The first newspaper in the Indies was the short-lived Bataviase Nouvelles (1744–6); being printed in Dutch, which was understood by only a tiny minority in the Indies, it did not have a wide distribution. Its content consisted mainly of government bulletins, auction news, and advertisements. However, as the Dutch East India Company became afraid that such a paper would reveal trade secrets to other European powers in Asia, its three-year contract was not renewed in 1746 and it was forced to close. The only other independent newspaper to appear in the Indies in this era was the Vendu Nieuws which appeared in 1776. Published in Batavia, it only covered auctions and other business bulletins; nonetheless, it was closely scrutinized by censors.

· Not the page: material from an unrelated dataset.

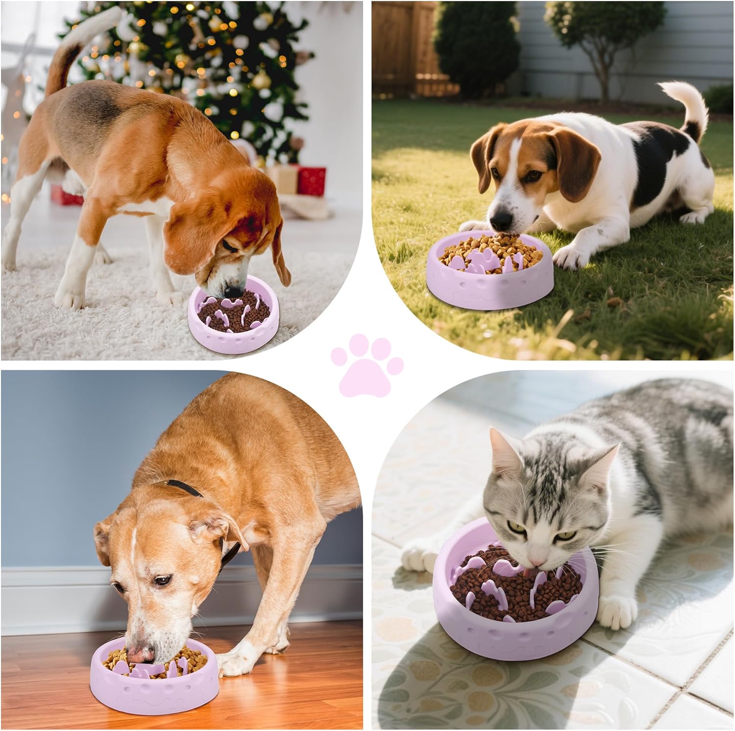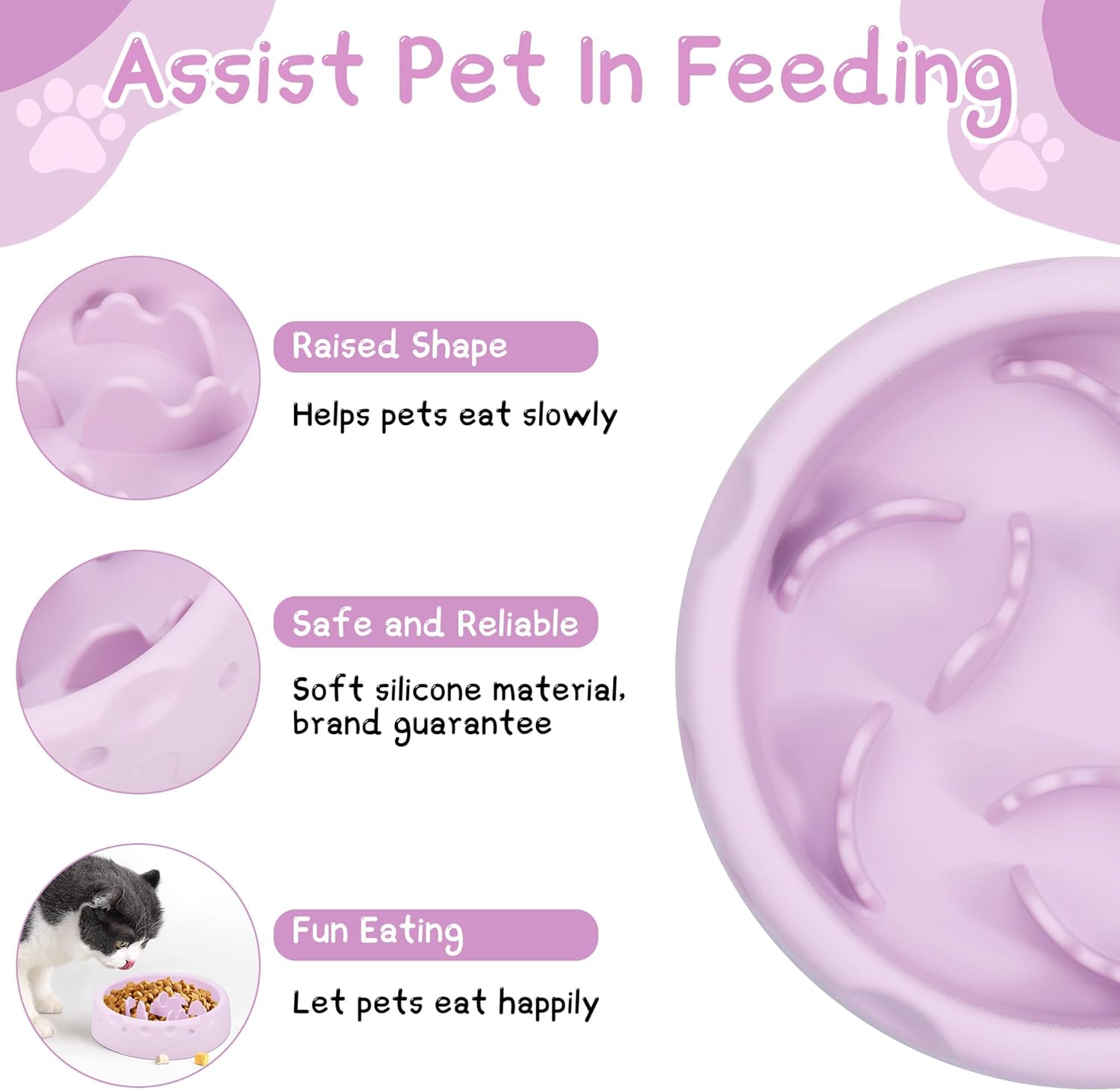 About this item 【Raised Maze Design to Slow Down Eating】The dog maze food bowl is designed with an internal spiral raised maze that guides the pet to explore the food path with the tongue, thereby extending the feeding time. Make eating more fun and challenging, suitable for puppies to large dogs, especially for gobbling pets, to prevent digestive problems such as choking and stomach bloating from the source. 【High-quality Silicone Material, Protect Pet Health】Made from high-quality silicone this dog slow feeder bowl, is free of BPA and heavy metal residues, and is resistant to bites and tears. The surface is smooth and seamless, does not hide dirt and dirt, is compatible with dry food and wet food, meets the diverse dietary needs of picky pets, and the bowl is light and fall-proof, and the puppy bite is also safe and worry-free. 【Suction Cup Base, Non-slip and Stable】The bottom of the silicone slow feeder dog bowls is equipped with a thickened suction cup, which improves the adsorption force after pressing, and is suitable for smooth surfaces such as tiles and wooden floors. Even if the excited pet pulls hard, the bowl remains stable and does not move, avoiding food spills and keeping the dining area tidy. 【Scientific Structure, Reduce the Risk of Vomiting】The raised spacing of the silicone dog bowls is designed with veterinarian recommendations to delay eating and avoid excessive frustration. Divide the grid to guide a small amount of multiple eating, promote saliva secretion and gastrointestinal peristalsis, reduce the probability of reflux and vomiting, especially suitable for pets who usually eat too fast. 【Easy to Clean】This slow dog feeder bowl can be turned and rubbed 180°, and food residues can be washed away in a single flush, and it is dishwasher compatible with cleaning. The flexible material is oil-resistant and non-staining, does not change color after long-term use, and has a matte light purple appearance, making it a high-value practical assistant for pet tableware. › See more product details

Christian printed materials in the Indies were also subject to censorship by the Dutch Reformed Church. However, very little religious material was printed in the Indies during this era, due to the lack of printing capacity and skilled workforce.

===French and British interregnum (1799–1816)===
After the Dutch East India Company defaulted in 1799, the colony was taken over directly by the Dutch crown. However, starting in 1806, the colony was occupied by France and then Britain during a period called the French and British interregnum in the Dutch East Indies. Herman Willem Daendels was appointed Governor General of the Indies by Napoleon in 1807. He purchased the City Printing House in Batavia and merged it with the Castle Printing House to form a new government printer, the Landsdrukkerij, and began to publish a new government bulletin after 1810 (the Bataviasche Koloniale Courant). He seems to have continued to organize the small printing industry in Batavia according to the principle of preventive censorship. Vendu Nieuws, which was still being published in the Castle Printing House, shut down during the transfer of assets to the new administration, as its functions were assumed by the Courant. However, that publication only lasted until August 1811, when the British conquered Java.

During the period of British rule over the Indies, printing house was taken over by W. Hunter, who had additional equipment and workers brought from Bengal. In February 1812 a new English-language government publication was created, the Java Government Gazette. That publication had a very different tone from the Dutch ones that had preceded it; it included commentary about politics, Indies folklore, and humour on top of the usual business news.

===Dutch control and development of colony (1817–55)===
When the Dutch took control in the Indies again in 1817 they continued to operate the Government Printing Office Landsdrukkerij in Batavia and launched an official publication, the Bataviasche Courant (called the Javasche Courant after 1828). This new publication included submissions from readers as well as government and business news. The Dutch resumed their censorship of printed works; because the industry and press were still so small, it did not require specialized legislation.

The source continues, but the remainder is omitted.